Introduction
AWS implemented significant quota cuts for its Amazon Bedrock service in late 2024.
While these changes were (silently) announced, they were not communicated effectively and only became apparent when users started experiencing problems.
While my primary experience with this issue relates to Anthropic’s Claude 3.5 Sonnet in the Frankfurt region (eu-central-1
), it appears that the adjustments may extend to other Bedrock models and regions.
This post will explore what has happened, the challenges it has created for my AWS partners and myself, and what steps users can take to overcome these limitations.
The Problem
Quota Cuts Disrupt AWS Partner’s Client Demo
In early November, a Hungarian AWS partner reached out to us for advice:
The product is a web-based interface designed for enterprise clients; imagine it as a ChatGPT enhanced with features useful to enterpirses and meeting typical large corporate requirements (like user management, data security, etc.). The GenAI service is built on Bedrock, typically using Claude 3.5. The idea is that each future client would run the service on their own account, so it wouldn’t be available in a SaaS model. They built a test system that worked perfectly, but at the first live client demo (a week ago), it started throwing errors, with the system indicating that there were too many requests. They investigated and found the account limits had been reduced to:
- 1 query from 20 queries per minute
- 4.000 tokens from 300.000 tokens per minute Initially, they thought this was a bug, but based on responses from support, it seems this is a feature by AWS design. They have tried multiple EU regions (Frankfurt, Dublin, etc) Provisioned throughput is too expensive
Quota Issues Stall Project for German AWS Partner
About two weeks later, a german AWS advanced partner contacted me with a similar problem:
There is an issue on one of our AWS account with Bedrock, they suddenly blocked the token usage on the models.
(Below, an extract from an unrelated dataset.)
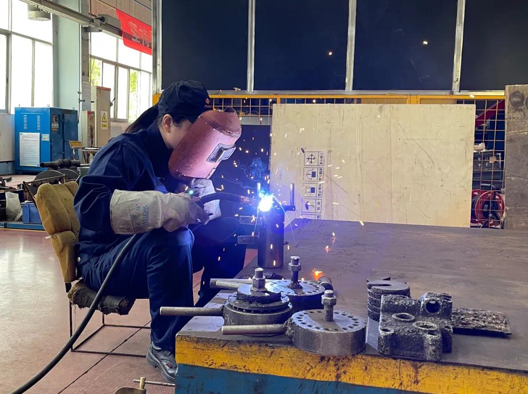 對接、預(yu)熱、引(yin)弧、運條、在焊縫邊緣與(yu)母材表面(mian)圓(yuan)滑過渡……4月(yue)21日,莫海燕(yan)如(ru)往常(chang)一樣穿著厚(hou)厚(hou)的(de)工服,彎著腰坐在工位上,拿著焊槍(qiang),在花火四(si)濺中開始一天的(de)工作。今年(nian)41歲(sui)的(de)莫海燕(yan),在中國兵器工業集團(tuan)江麓機電集團(tuan)有限公司的(de)焊接一線(xian),一干便是(shi)24年(nian)。
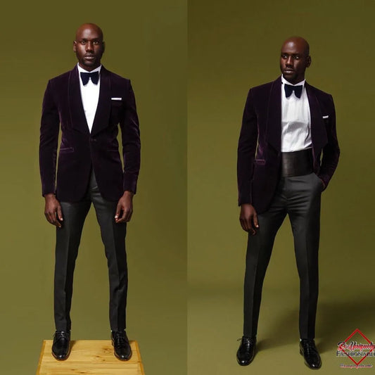 New Boyfriend Suit Man Dark Purple Velvet Men'S Full Wedding Blazer Sets Slim Fit Business Casual Groom 2 Pieces Custom Tailcoat

Unfortunately in one of the projects we are stuck. I saw you as a contact person on our end in the opened cases, do you know the reason and how to solve it? They come up with couple of questions, but I don’t know how to act/commit if there is a cost impact as well.
They already opened a AWS support ticket and the response from AWS support engineer was:
Hello, We would need to collaborate with our service team for a limit increase of this size and before they would be able to assist, we would need you to answer the below questions:
- Model ID (share model ID from this list)
- Commitment Terms
- MUs to be purchased
- ETA for customer to take ownership of the model units once we provision them to their account
- Please make sure to take ownership of the implemented capacity with 7 days from the date of implementation. Capacity will be returned to service account and reallocated if they are not purchased within prior mentioned period.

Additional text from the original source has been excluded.